Need to specify cgroup v1 on host:
GRUB_CMDLINE_LINUX="systemd.unified_cgroup_hierarchy=0"
sudo update-grub
sudo reboot
Environment
Environment: k3s cluster, Ubuntu 24.04, Kata Containers 3.2.0 Master: i3 7100 4GB * 3 Worker: xeon 2699v4 32GB * 1
Normal runc ran correctly for 10+ minutes.
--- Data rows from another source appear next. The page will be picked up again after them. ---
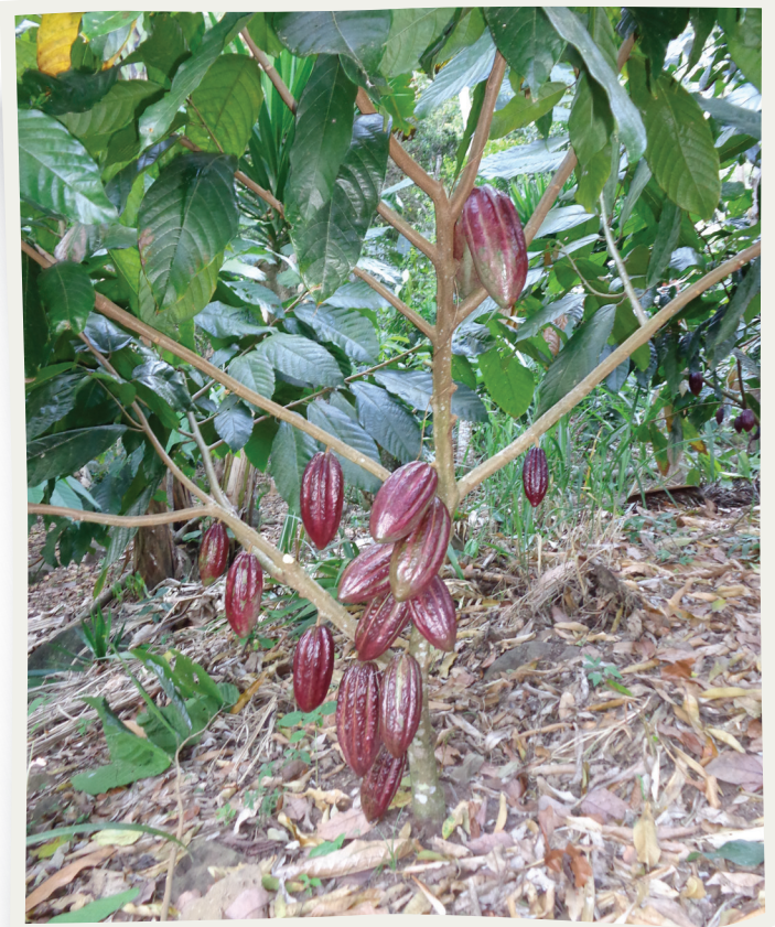
Producir cacao fino de calidad es clave para obtener una buena comercialización.

FHIA con el apoyo de la empresa Chocolats Halba y la Fundación Helvetas Honduras, ha identificado las áreas del país con potencial para la producción de cacao y se ha estimado que el departamento de Atlántida tiene todavía un alto potencial para la producción de este cultivo sin mayores dificultades.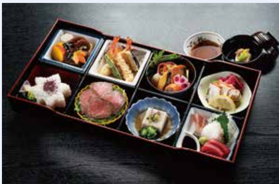
H-01 箱会席 (料理7種・ごはん入) 炊合せ/天ぷら/焼物/酢物/ローストビーフ/ 練り物/お造り3種/ごはん/吸物 6,000円(税込) 5,555円(税別)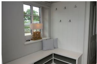
Der Eingangsbereich, Platz für Outdoorkleidung und Schuhe

Im idyllischen Ort Oevenum finden Sie das Doppelhaus Golfoase. Zwei großzügige Doppelhaushälften für je 6 Personen erwarten Sie. Ein gemütliches Wohnzimmer mit offener Küche und familientauglichem Essplatz, Austritt in den Garten und zur möblierten Terrasse, Sauna (mit Zusatzkostenverbunden). Ein großes Badezimmer mit Waschmaschine und Trockner. Im Obergeschoß die Schlafräume und ein weiteres Dusch+Wannenbad. Hier ist an alles gedacht, hier kann man sich wohlfühlen, hier... wird es Ihnen einfach nur gut gehen und das Beste.....Ihr Vierbeiner darf auch dabei sein.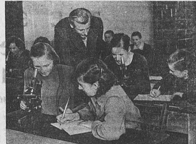
В Польской Народной Республике имеется 5 высших и около 150 средних учебных заведений, которые готовят агрономов и зоотехников. В воеводствах существуют, кроме того, начальные сельскохозяйственные школы...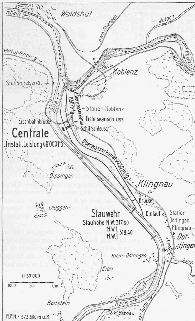
Übersichtskarte des Kraftwerkes Klingnau. — Masstab 1 : 50 000.

zwischen den Widerlagern 125 m. Durch diese reichliche Wehrbreite ist dafür Sorge getragen, dass die Hochwasser wie bis anhin unschädlich abfliessen können.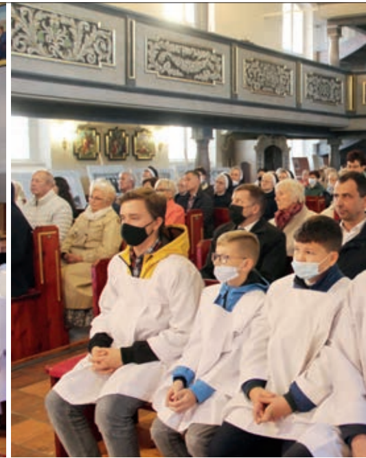
Msza święta w dniu inauguracyjnym wydarzenie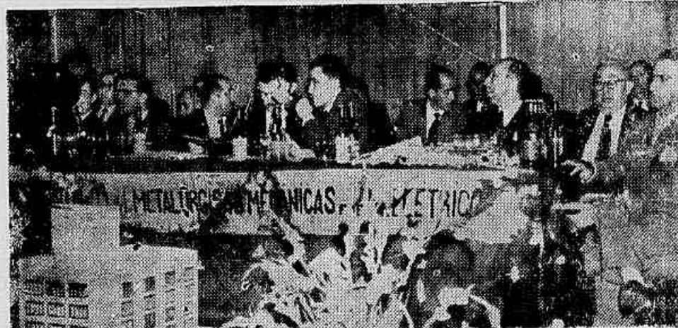
Aspecto da mesa que dirigiu a solenidade, vendo-se, em primeiro plano a maquete da nova sede do Sindicato dos Metalúrgicos

cos se reunirão em assembléia na sede do Sindicato dos Têxteis, para a eleição do Comitê de Greve e dos componentes das Comissões coordenadoras do movimento: Transporte, Manutenção e Esclarecimento.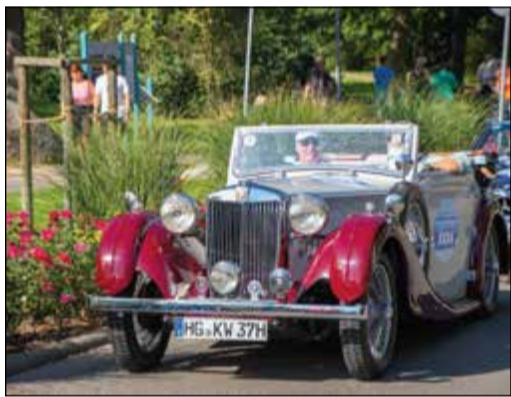
Das älteste Fahrzeug bei der Main-Taunus-Rallye war ein MG VA Drophead Coupe aus dem Jahr 1937.

Main-Taunus-Kreis (bs) – Fast 120 Fahrzeuge haben an der diesjährigen Oldtimer-Rallye „Main-Taunus Klassik“ teilgenommen. Wie Landrat Michael Cyriax mitteilt, geht auch der diesjährige Erlös an die Main-Taunus-Stiftung, die unverschuldet in Not geratenen Menschen möglichst unbürokratisch und schnell helfen will. „Dieser Tag war ein großer Erfolg nicht nur für die Stiftung, sondern bot auch Teilnehmern wie Publikum ein tolles Erlebnis“, fasst Cyriax zusammen, der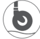
クッション キャスト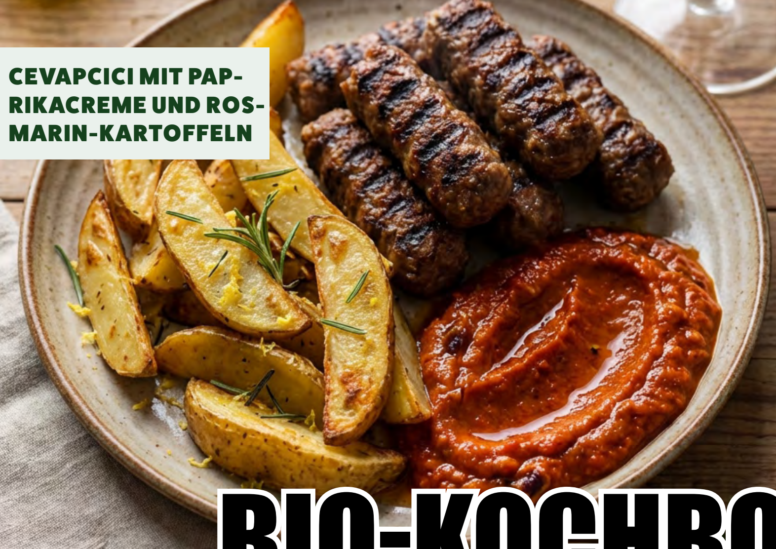
CEVAPCICI MIT PAP- RIKACREME UND ROS- MARIN-KARTOFFELN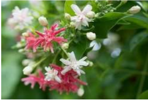
Combretum Indicum (कॉम्ब्रेटम इंडिकम)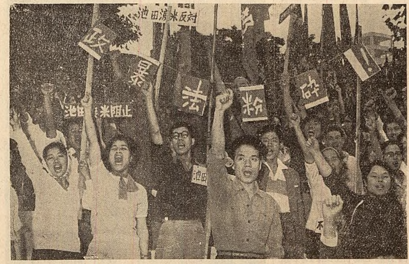
Mari demonstrații de protest, la care au participat 10.000 persoane, au avut loc la Tokio împotriva câștigătorii premiului Nobel la Washington, prin care s-a urmărit întărirea alianței militare cu S.U.A.

Referindu-se la propunerile în problema germană cuprinsă în ultimele declarații ale lui N. S. Hrușciov, Nehru a relevat caracterul periculos al situației din Berlinul occidental.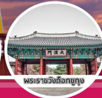
พระราชวังเดือกชุง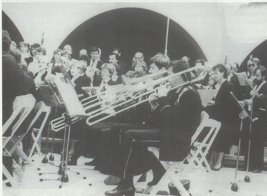
«Die Blechblasinstrumente – vor allem die Posaunen – können ganz anders verwendet werden als nur immer im Fortissimo. Bei richtiger dynamischer Dosierung klingen sie wie schöner, edler Orgelton.»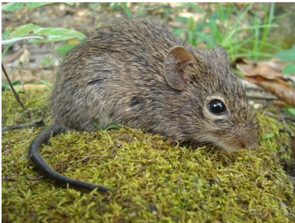
Figure 2 : Le Rat des savanes d'Alston ( Sigmodon alstoni ) est une des espèces caractéristiques des savanes du Plateau des Guyanes. image prise dans l'Amapa brésilien.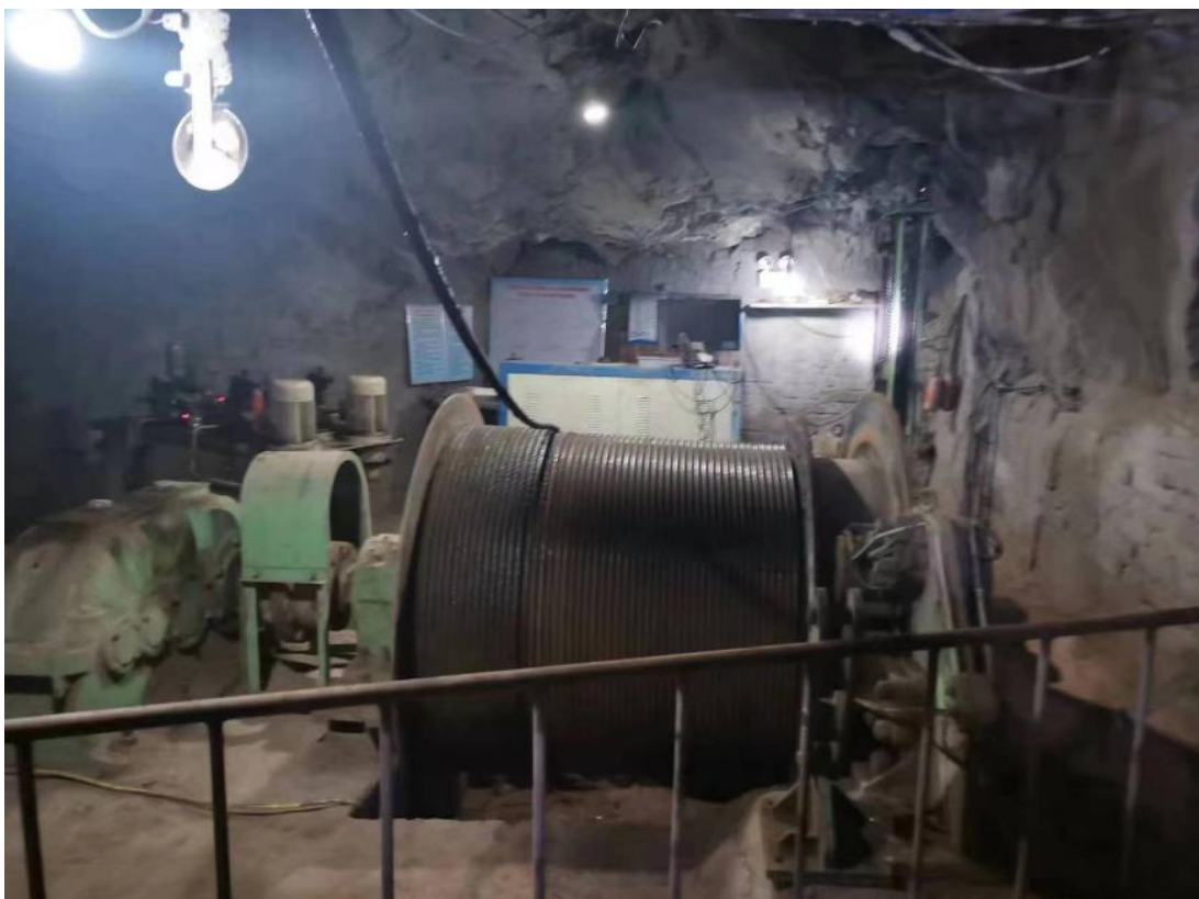
+20m 中段 3#盲主斜井提升机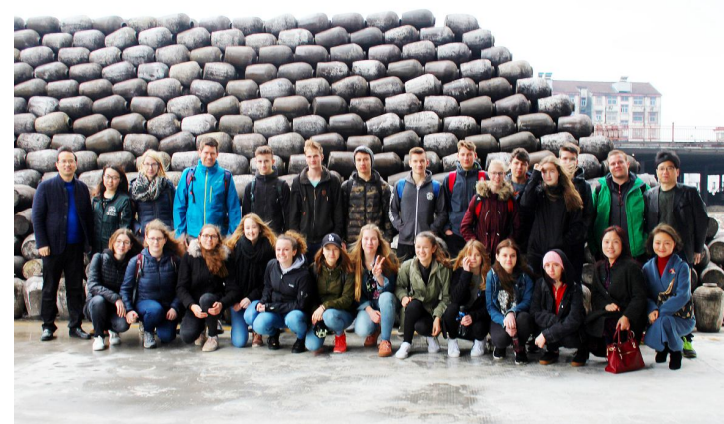
3月16日，上虞春晖中学德国交流生一行20余人参观女儿红公司，亲身感受绍兴女儿红黄酒的独特魅力与深厚的文化底蕴。这些德国友人将女儿红黄酒赞不绝口，表示要将女儿红黄酒、女儿红文化带回，分享给更多的人。（张宇超/女儿红公司）

本次表彰会既是一次总结会、表彰会，更是一次动员会、鼓劲会，通过表彰先进，树立典型，进一步调动广大职工的积极性，同时每一位受表彰的先进集体和先进个人都应该珍惜荣誉、戒骄戒躁，继续发挥先进模范作用。春场酿造还在如火如荼的进行，瓶酒生产依然加班加点，我们仍将咬紧牙关、严守岗位，争取大冬酿工作的完美收官。（俞建明/沈永和酒厂）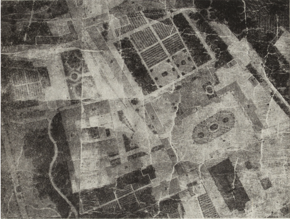
Ryc. 3. Fragment planu Kielce z 1872 r. przechowywanego w Wojewódzkim Archiwum Państwowym w Kielcach

dynków jest znany nader ogólnie. Były budynek starosty (ryc. 4, nr 2 — od tego miejsca, jeśli specjalnie tego nie zaznaczono, podawana numeracja dotyczy wyłącznie ryc. 4) zajęto na biura i mieszkania, zaś stajnie i wozownie (nr 1) używano zgodnie z pierwotnym ich przeznaczeniem, konie bowiem i pojazdy były niezbędne przy zarządzaniu podległymi Dyrekcji dobrami roz-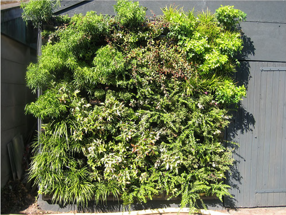
Voorbeeld vergroening op de begane grond

Kata Containers pods disappeared and recreated after 1-2 minutes without error logs.
Memory shortage?
$ kubectl exec -it ue5-gameserver-966c8c687-9z96b -n game -- /bin/sh
$ free -h
total used free shared buff/cache available
Mem: 9.9Gi 287Mi 9.5Gi 5.0Mi 157Mi 9.5Gi
Swap: 0B 0B 0B
$ cat /proc/meminfo | grep MemTotal
MemTotal: 10416748 kB
$ ps aux | grep "qemu-system-x86_64" | grep "\-m"
root 563936 53.0 2.3 ... -m 8196M,slots=10,maxmem=33006M ...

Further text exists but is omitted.